Restate the data below word for word. Leave the images out.

**** Available data

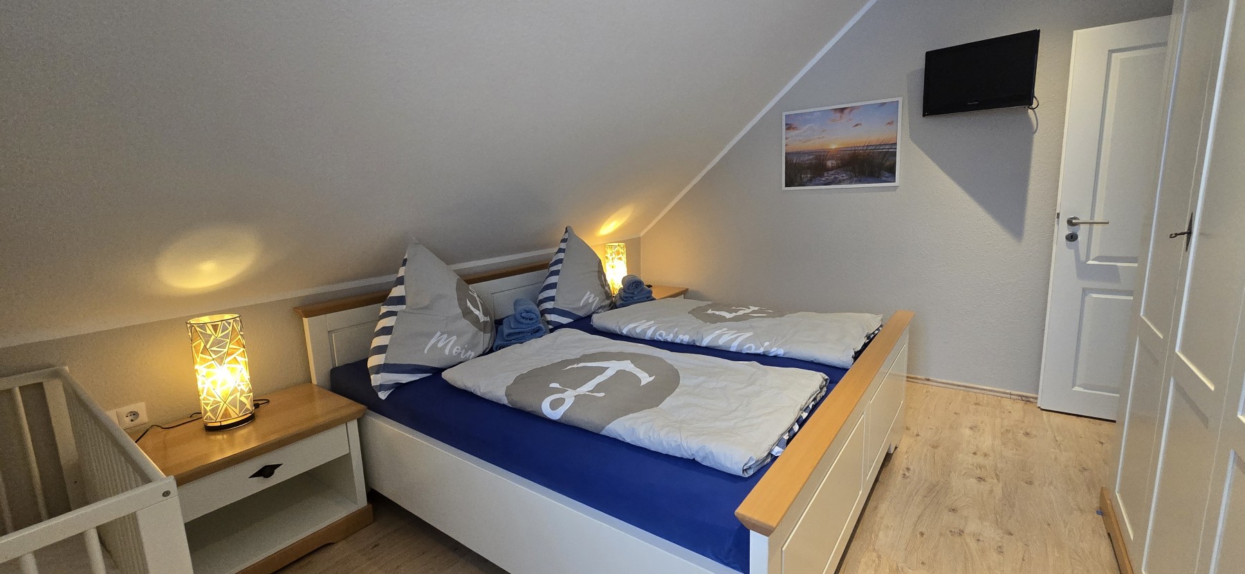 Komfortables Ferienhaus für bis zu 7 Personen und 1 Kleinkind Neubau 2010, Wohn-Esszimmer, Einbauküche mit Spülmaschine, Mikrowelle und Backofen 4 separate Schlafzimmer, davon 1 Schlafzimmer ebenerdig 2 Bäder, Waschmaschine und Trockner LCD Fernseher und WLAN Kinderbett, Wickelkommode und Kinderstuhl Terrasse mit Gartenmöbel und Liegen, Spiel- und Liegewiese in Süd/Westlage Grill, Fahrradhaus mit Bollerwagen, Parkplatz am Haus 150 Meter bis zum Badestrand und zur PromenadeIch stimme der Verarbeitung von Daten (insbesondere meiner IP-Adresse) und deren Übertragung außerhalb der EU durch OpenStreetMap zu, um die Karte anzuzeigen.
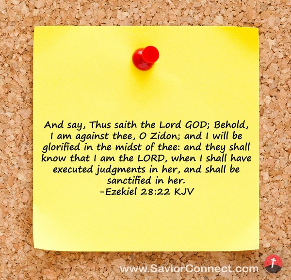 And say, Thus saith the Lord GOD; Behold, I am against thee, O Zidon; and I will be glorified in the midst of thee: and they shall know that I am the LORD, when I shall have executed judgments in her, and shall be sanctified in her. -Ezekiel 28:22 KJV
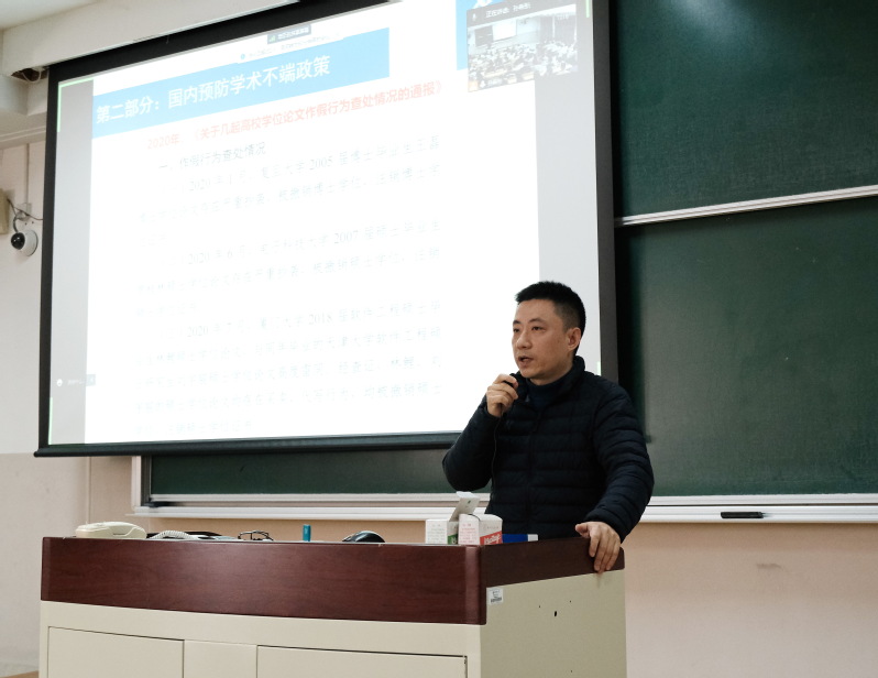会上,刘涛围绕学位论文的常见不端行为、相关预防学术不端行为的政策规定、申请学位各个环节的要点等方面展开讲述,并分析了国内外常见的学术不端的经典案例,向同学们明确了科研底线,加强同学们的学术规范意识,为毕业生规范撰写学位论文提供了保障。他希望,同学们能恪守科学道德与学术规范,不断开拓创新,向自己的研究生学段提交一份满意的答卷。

********

**Your response**
 Komfortables Ferienhaus für bis zu 7 Personen und 1 Kleinkind Neubau 2010, Wohn-Esszimmer, Einbauküche mit Spülmaschine, Mikrowelle und Backofen 4 separate Schlafzimmer, davon 1 Schlafzimmer ebenerdig 2 Bäder, Waschmaschine und Trockner LCD Fernseher und WLAN Kinderbett, Wickelkommode und Kinderstuhl Terrasse mit Gartenmöbel und Liegen, Spiel- und Liegewiese in Süd/Westlage Grill, Fahrradhaus mit Bollerwagen, Parkplatz am Haus 150 Meter bis zum Badestrand und zur PromenadeIch stimme der Verarbeitung von Daten (insbesondere meiner IP-Adresse) und deren Übertragung außerhalb der EU durch OpenStreetMap zu, um die Karte anzuzeigen.
 And say, Thus saith the Lord GOD; Behold, I am against thee, O Zidon; and I will be glorified in the midst of thee: and they shall know that I am the LORD, when I shall have executed judgments in her, and shall be sanctified in her. -Ezekiel 28:22 KJV
会上,刘涛围绕学位论文的常见不端行为、相关预防学术不端行为的政策规定、申请学位各个环节的要点等方面展开讲述,并分析了国内外常见的学术不端的经典案例,向同学们明确了科研底线,加强同学们的学术规范意识,为毕业生规范撰写学位论文提供了保障。他希望,同学们能恪守科学道德与学术规范,不断开拓创新,向自己的研究生学段提交一份满意的答卷。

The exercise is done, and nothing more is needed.